I'm not sure how to read that band, or whether there is hope for finding his home, as he may even have flown from Cuba or is from a local club. Only thing I can tell from the band is that he was born in 2011. 

I would see if you can locate a local flyer club and perhaps they may even direct you to the owner. I'll try to google the club name and see if anything comes up.

Thank you also for your care of the feral flock, I'm sure they appreciate the added nutrition. 

I have sent one of our members a message, if he doesn't respond here is his contact info.

Please contact this member, he may be able to help you: http://www.pigeons.biz/forums/member.php?u=18724

*


----------



## Jimhalekw (Jan 1, 2010)

Hi Dave, I am in Key West also and would be happy to help. Jim Hale 305-923-4970


----------



## Skyeking (Jan 17, 2003)

Jimhalekw said:


> Hi Dave, I am in Key West also and wiuld be happy to help. Jim Hale 305-923-4970


Thank you for your reply.


----------



## Jimhalekw (Jan 1, 2010)

I caught this bird this morning, he also had an elastic race band as well as his Cuban band.


----------



## Skyeking (Jan 17, 2003)

Jimhalekw said:


> I caught this bird this morning, he also had an elastic race band as well as his Cuban band.

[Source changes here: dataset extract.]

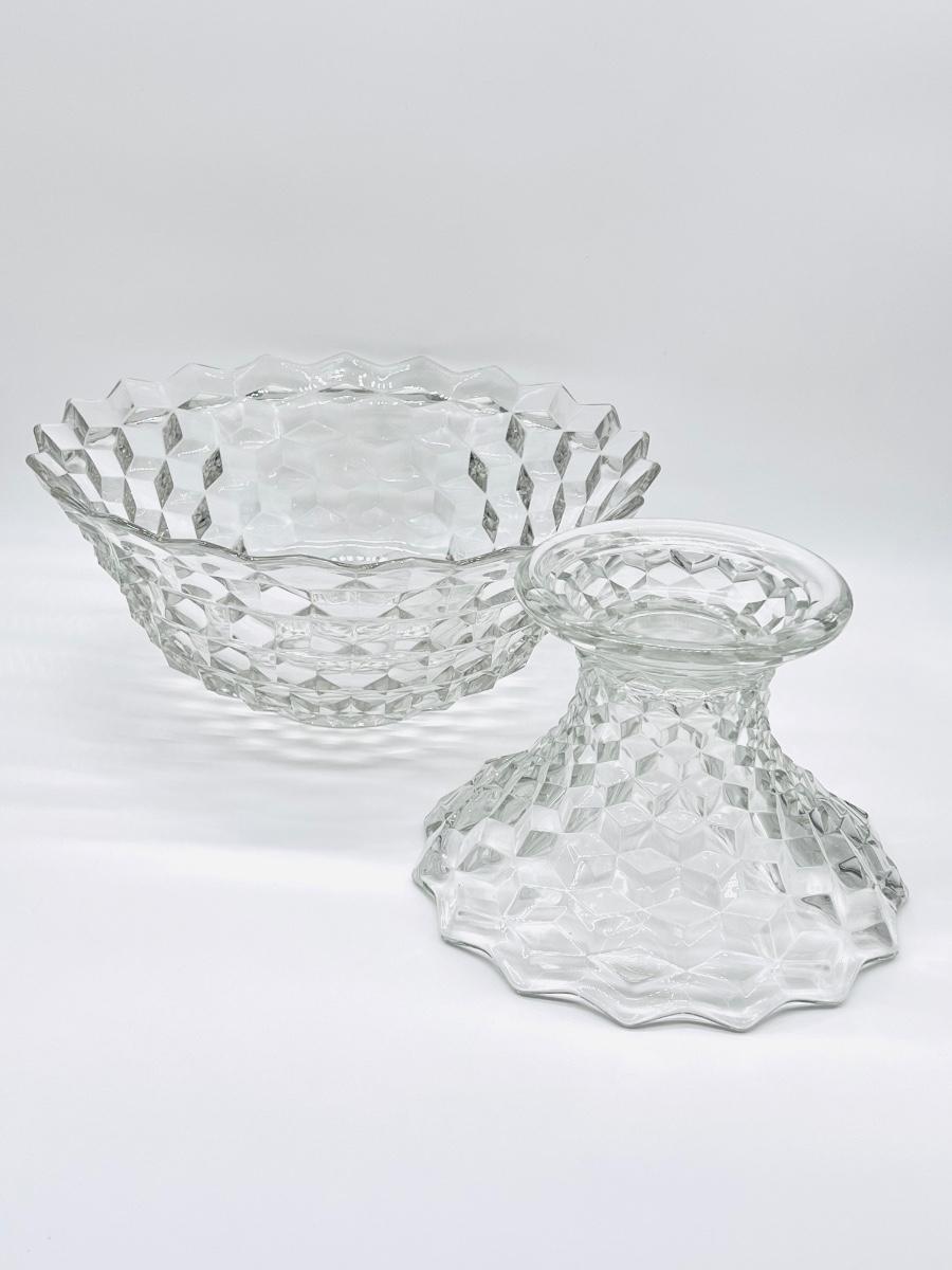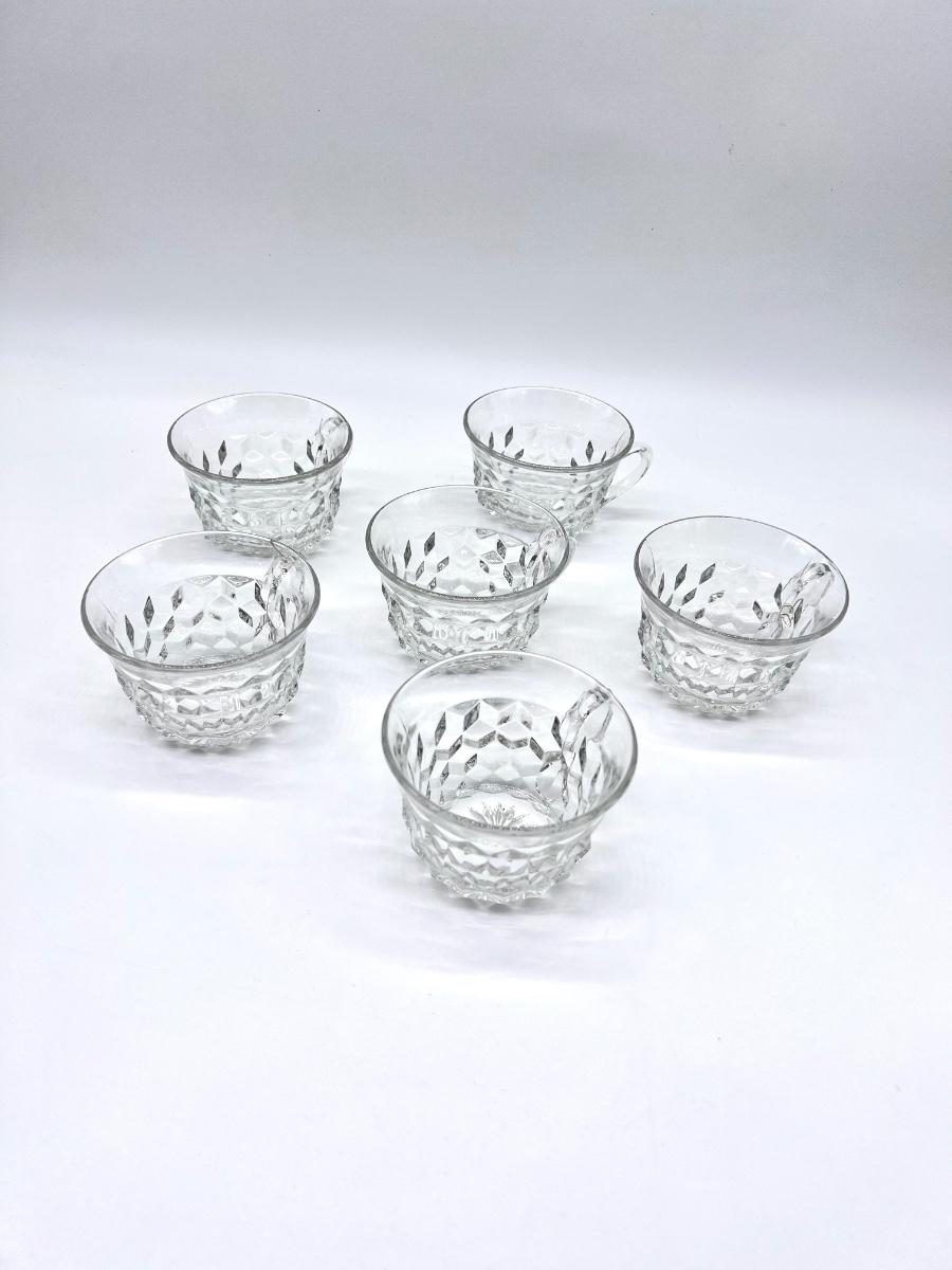 FOSTORIA ~ American ~ Glass Pedestal Punch Bowl & Six (6) Cups

*That is awesome! Thank you for the update.*


----------



## DiverDave (Mar 23, 2013)

Glad you got him. As I mentioned, he doesn't have the street smarts of the feral birds and I was concerned about him. I'm sure he'll do much better with you.


----------



## Mumbai (May 2, 2017)

Good evening!
I'm new to the forum so please exuse if this post in wrong place.
I found the pigeon yesterday. That was after the storm at sea. The bird was barely alive. I brought him inside. Today the bird is much better- drinks a lot of water and eats a little bit. The pigeon has a ring FCI 2015 FCC CUBA 009512 as I understood this means he is from Cuba. Is there any chance to contact owner of the bird to find out best solution? The thing is that I'm onboard the ship and we are unerway to Chile... far away from Cuba! 
I'll bring bird back to good health and kerp him onboard our good ship.
Just wanted to know is there any oppurtunity to return bird back to his owner?
Thanks in advance!


----------



## cwebster (Dec 11, 2010)

Mumbai, thank you for rescuing the bird!


----------



## Jay3 (May 4, 2008)

I have no idea of how to trace a Cuban band. I would try to find a pigeon club somewhere and see if I could find someone who would take him. Thanks for helping him. He's lucky you found him. Probably got himself lost.


----------



## Mumbai (May 2, 2017)

Thanks for your prompt reply! I'll try to refresh my spanish and check cuban sites for some info. Another option I think is to find out somebody in Chile.


----------